Sometimes I think programmers don’t speak human, but I guess the truth is there is such a huge divide between the code and the human interface and stuff just falls through the crack. I wish they’d listen more, though.
Like, CTRL+7 for “pick”? Really? Who came up with that? I want one hand on the arrow keys and one hand on the pick/unpick buttons. I’ve got photos to get through!
That we’re still asking for basic things like this for PL (years down the track) makes me wonder if there’s anyone actually listening. The only reason I’m here is because dxo have the best camera and lens support, otherwise I’d be quite happy using Exposure X7. The customisability of that program is exemplary. C for crop (and being able to set a default aspect ratio). 1,2,3,4 etc for start ratings, logical. Using anything else can be maddening.

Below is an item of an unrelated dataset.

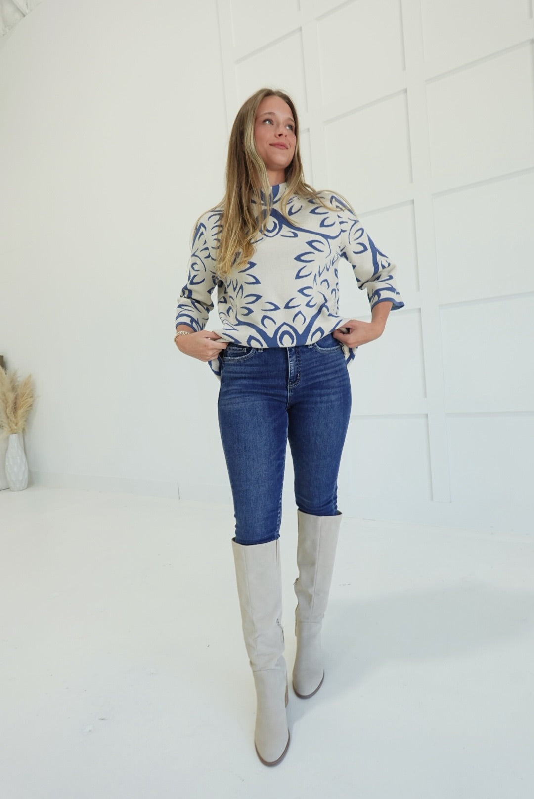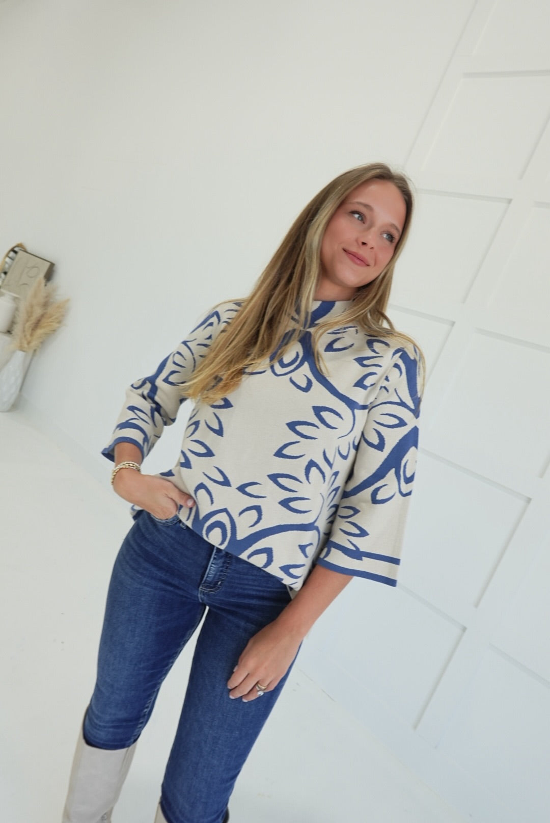 The More Inspiration Sweater combines cozy jacquard knit fabric with a flattering mock neck design, offering warmth and style in one. Its textured pattern adds subtle interest while the soft material ensures comfortable wear throughout the day. Perfect for layering or wearing on its own, this sweater supports your goal of staying cozy without compromising on a polished look.

DxO team is good at sampling cameras and lens and creating AI denoising algorythm, period.
they are bad at developing software (architecture, interface, efficiency in use of hardware, extremely slow evolution, etc), bad at creating a software on a par with what is available everywhere, even on very very small softwares.
Yes, lot of things that have been basic for almost 15, 20 years don’t exist in photolab (not specically in photography software world, but in software development in general too).
I think they hear, but have no way to do better. They seem to be stuck in an old architecture without the means to break out of it. So they focus on what they know how to do, mainly sampling cameras and lenses.